Mabel Keaton Staupers was determined to eliminate racial prejudice in the nursing profession. She is best known as a nursing pioneer for putting an end to segregation in the Armed Forces Nurse Corps during World War II. She worked tirelessly throughout her career to integrate black professionals into the nursing field in the United States.
Staupers was born in Barbados, West Indies, on February 27, 1890. Her family moved to the United States when she was 13 years old, and she later graduated with honors from the Freedmen’s Hospital School of Nursing in Washington, DC. She began working as a private duty nurse shortly after graduation.
Staupers was a private-duty nurse in Washington, D.C. at the time. In addition, at the Booker T. Washington Sanatorium in New York, she organized an inpatient clinic for African-Americans with tuberculosis. She was also the Sanatorium’s first superintendent from 1920 to 1922, and later the Harlem Tuberculosis Committee’s executive secretary from 1922 to 1934.

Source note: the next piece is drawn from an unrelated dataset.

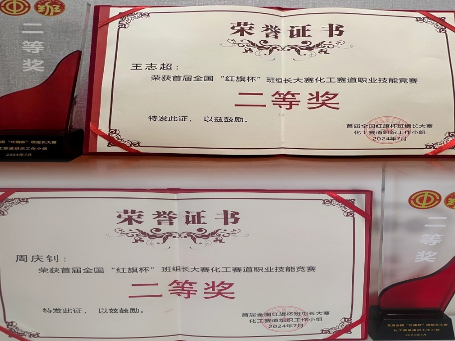 新啟元公司訊 在集團工會的安排部署下,新啟元公司運行一部王志超、周慶釗分別以全國44名、76名的優異成績再次斬獲國家級比賽——首屆全國“紅旗杯”班組長大賽化工賽道競賽二等獎,這是他們繼2023年12月“萬華杯”首屆全國化工和醫藥行業班組職業技能大賽全國總決賽三等獎后的又一次重大突破。

Staupers continued her health promotion mission as the first executive secretary of the National Association of Colored Graduate Nurses, fighting for the inclusion of Black nurses in the Army and Navy during World War II. Due in part to her efforts, full inclusion of nurses of all races was granted in 1945, and Black nurses were allowed to join the American Nursing Association in 1948. Because of her determination, black nurses were able to enroll in various American nursing programs.
Staupers’ work earned her numerous awards, certificates, and citations. In 1951, she received the Spingarn Medal from the National Association for the Advancement of Colored People.
“No Time for Prejudice: A Story of the Integration of Negroes in Nursing in the United States,” her autobiography, was published in 1961. Staupers passed away in 1989, and in 1996, she was inducted into the American Nursing Association Hall of Fame.